Our security team carefully triages each and every vulnerability report. This requires specific knowledge and understanding of both the language at hand, the package, and its context. Once the vulnerability details are verified, the team proceeds to work hand-in-hand with maintainers to get the vulnerability fixed in a timely manner. 

Finally, as a CVE Numbering Authority (CNA), we assist with assigning the issue a CVE ID and publishing a detailed advisory. In 2019, we helped disclose over 130 vulnerabilities. Some notable examples are RCE in mongo-express and Arbitrary File Write in yarn.

We work with independent researchers, security personnel, and the academic community to disclose vulnerabilities. Individual researchers use our disclosure program to disclose single or sometimes several vulnerabilities affecting packages. On the other hand, academic researchers disclosing new vulnerability types, reach out to Snyk to use our disclosure program for mass-disclosures of multiple vulnerabilities across the ecosystem. We kicked off 2020 with a big partnership with the Johns Hopkins University Security Lab team, where we helped them disclose over 60 vulnerabilities (and counting). Notable examples include CVE-2019-10795 in undefsafe and CVE-2019-10777 in aws-lambda.

5. Proprietary research and vulnerability trend analysis

The final piece of the security puzzle is our internal proprietary research to discover and responsibly disclose new vulnerabilities in the open source ecosystem. At Snyk we see the role of discovering and responsibly disclosing new vulnerabilities as key to keeping the ecosystem safe, and we utilize our database of existing vulnerabilities in order to do so. By looking into trends in vulnerabilities inside a specific language or across multiple languages we identify key characteristics of vulnerabilities that are likely to be prevalent in the ecosystem.

In other words, if we see that a certain vulnerability is popping up in several different packages across the ecosystem—all with similar attack vectors—we know that it is likely there are additional vulnerabilities in the ecosystem, not yet found. Moreover, we know that it is likely that other, more malicious actors, are aware of this possibility and are looking to use it to their advantage. 

Therefore Snyk attempts to use our research capabilities judiciously and efficiently to uncover either large scale new vulnerability types, such as zip-slip, or to discover new instances of trending vulnerability types in popular packages.
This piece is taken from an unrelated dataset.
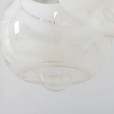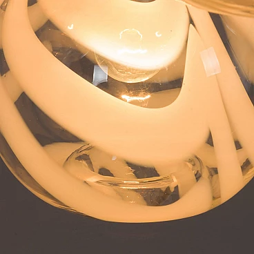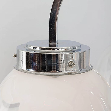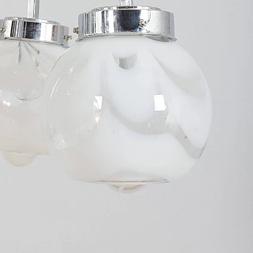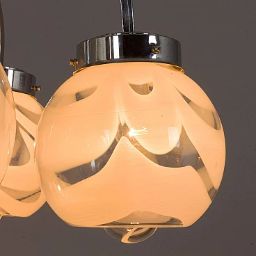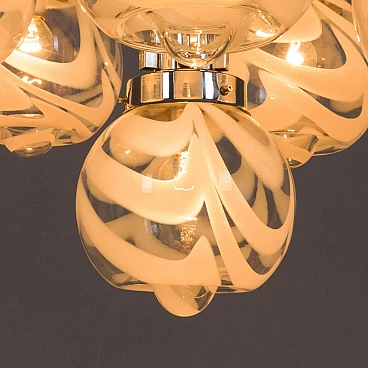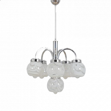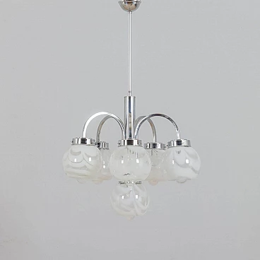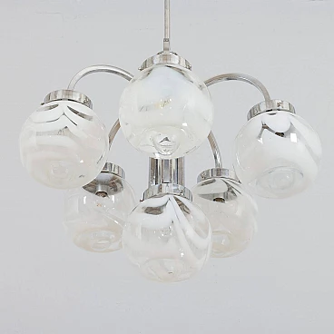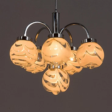 This chandelier was designed in the style of Mazzega in the 70s. The structure is in high quality chrome-plated steel and has six arms ended with lights. It features amazing hand-blown clear and milky white Murano glass lampshades with very unique shape and pattern. The so-called lattimo glass, is a special glass processing and the term comes from the Italian word latte, or milk. The lamp is in a great condition and fully functional. Minor traces of use. Original wiring and canopy. Height of rod: 42 cm.

In order to do this research. we rely on a mix of big data spelunking to identify vulnerable snippet types, code patterns, or other similar characteristics in potentially vulnerable packages—alongside research into various exploit vectors which our internal tooling is then able to run against the potentially vulnerable package and determine if it is indeed vulnerable (see proprietary vulnerabilities).

Once uncovered, we use our responsible disclosure timeline and methodology to disclose vulnerabilities to the affected maintainers and help work on a fix, before disclosing the vulnerability publicly in our database and assigning it a CVE.

Summary

The result of all this hard work is that the security product we provide achieves four critical goals:

  1. Timeliness—the information our users are getting on vulnerabilities and exploits is timely enough for them to act upon it, giving them warnings on vulnerabilities often well before they are made more widely available and malicious actors can act upon them.
  2. Completeness—users can rest easy knowing they are getting the complete picture of their vulnerabilities and not having to worry about the fact that additional, potentially exploitable, vulnerabilities might be lurking in their codebase. 
  3. Accuracy—the data provided is accurate to remove the dreaded white noise and false positives from a security scan.
  4. Actionable—the data allows developers to quickly triage the vulnerabilities that impact them and prioritize their work accordingly.

Together, these four goals allow a Snyk user to know that, despite the never-ending jungle of vulnerabilities inside open source ecosystems, they have a dedicated team of security experts on their side, waiting and ready to spring into action to give them all the information they need to keep themselves (and the rest of open source) safe.